FFIA - India

www.ffia.se
28 December 2022

India

Adoptions have been taking place since the 60s from India. During the 70s, some children came to Sweden privately and the rest through AC. One of the private routes was our Poona contact, when Eva Minton placed children with the help of SOFOSH and Dipika Maharaj Singh. That contact came to FFIA during the mid-80s.

The FFIA's first authorization in 1979 was for the Juvenile Court in Mumbai (Bombay). It was about children who were placed partly in state orphanages and partly in private orphanages, but who were responsibly sorted under the court. The court assigned us children who had been fully investigated and declared abandoned, usually foundlings.

FFIA received 90 children from the Juvenile Court during the years 1980 - 1985.

A judgment of the Supreme Court of India in 1985 changed and systematized the adoptions. It was regulated how the orphanages should handle children who were placed with them from the courts. After this time, children of this category came directly from the orphanages.

FFIA's contact network was gradually expanded during the 80s and 90s.

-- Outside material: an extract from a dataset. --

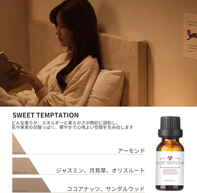 「Sweet Temptation」アーモンド、ジャスミン、月見草、オリスルート、ココアナッツ、サンダルウッドをベースにして、アーモンドの甘さ、ジャスミンの優雅さ、チュベローズの華やかさ、オリスの繊細さ、カカオの豊かさ、サンダルウッドの深みが調和し、ソフトなフローラルから温かみのあるウッドまで、豊かで心地よい香りが広がります
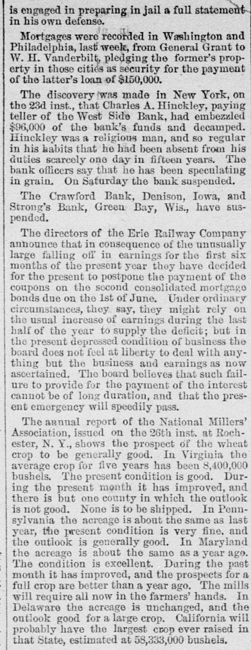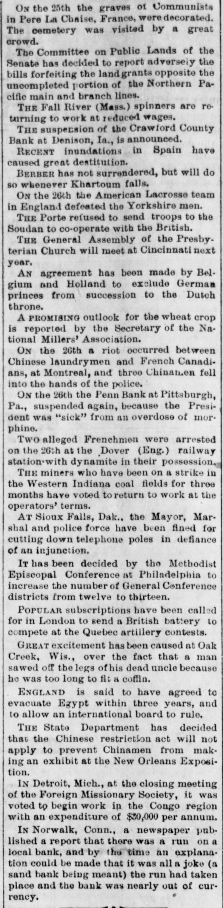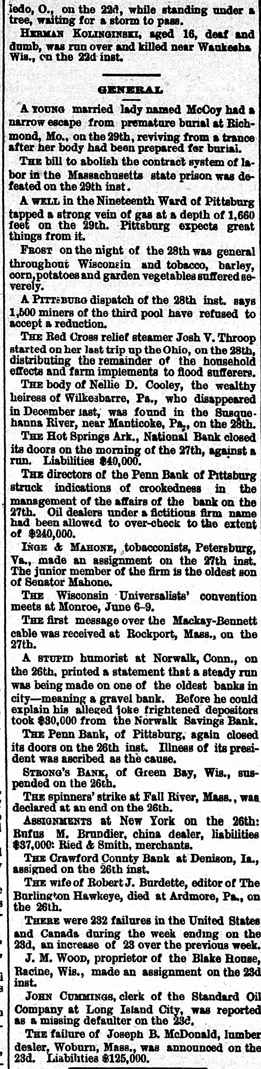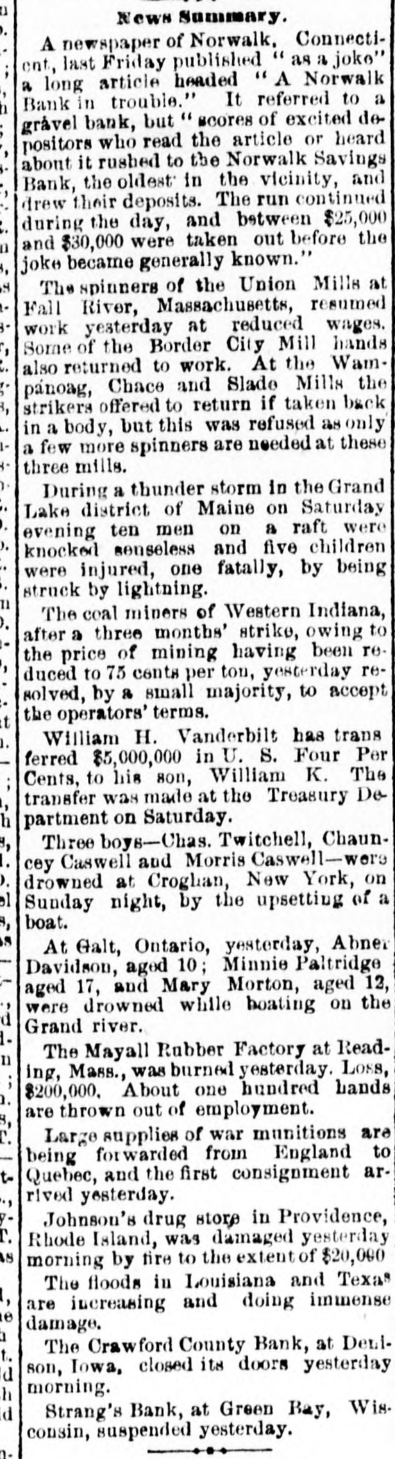 11 News Summary. . A newspaper of Norwalk, Connectient, last Friday published " as a joke" a long article headed " A Norwalk Bank in trouble." It referred to a h grável bank, but scores of excited depositors who read the article or heard rushed to the oldest in about Bank, it the the Norwalk vicinity, Savings and drew their deposits. The run continued during the day, and between $25,000 and $30,000 were taken out before the n 3, joke became generally known." 8 The spinners of the Union Mills at Fall River, Massachusetts, resumed 8 work yesterday at reduced wages. Some of the Border City Mill hands ; also returned to work. At the Wampánoag, Chace and Slado Mills the 3, strikers offered to return if taken back in a body, but this was refused as only a few more spinners are needed at these three mills. During a thunder storm in the Grand Lake district of Maine on Saturday . evening ten men on a raft were ). knocked senseless and five children were injured, one fatally, by being struck by lightning. n The coal miners of Western Indiana, , after a three months' strike, owing to the price of mining having been re. duced to 75 cents per ton, yesterday resolved, by & small majority, to accept the operators' terms. it William H. Vanderbilt has trans . ferred $5,000,000 in U. S. Four Per Cents, to his son, William K. The transfer was made at the Treasury De, h partment on Saturday. 8, Three boys-Chas. Twitchell, Chaun1. cey Caswell and Morris Caswell-were ). drowned at Croghan, New York, on el Sunday night, by the upsetting of a boat. 8, is At Galt, Ontario, yesterday, Abner Davidson, aged 10; Minnie Paltridge aged 17, and Mary Morton, aged 12, were drowned while boating on the d Grand river. 1. The Mayall Rubber Factory at ReadIl ing, Mass., was burned yesterday. Loss, $200,000. About one hundred hands h. are thrown out of employment. r. Large supplies of war munitions are being forwarded from England to Quebec, and the first consignment arrived yesterday. 7Johnson's drug store in Providence, T. Rhode Island, was damaged yesterday morning by fire to the extent of $20,000 The floods in Louisiana and Texas are increasing and doing immense e damage. a The Crawford County Bank, at Deuit. son, Iowa, closed its doors yesterday d morning. h Strang's Bank, at Green Bay, Wis. consin, suspended yesterday.

The general procedure in the 80s was for the organization to receive the date of birth and gender of the child and a very brief medical report. Concepts such as special needs did not exist, but the prospective adoptive families were prepared for the fact that the children could have hidden problems, such as Hepatitis B, hearing impairments, contact disorders, TB, etc. Many of the adoptive parents did not travel themselves and pick up the children, but were escorted to Sweden either by representatives of the orphanage, because organization or in some cases escort service from the airlines.

General demand that adoptive parents themselves should travel and pick up their children came during the late 90s.

Years of cooperation: 1980 - 2014

Total number of children from India: 797

Contact persons, representatives:

E. Raman Rao and his wife Mrudula Rao were representatives of FFIA 1980 - 1986 ( see history ) .

As new rules eventually prohibited foreign organizations from having representatives in India, the FFIA in recent years had no representative.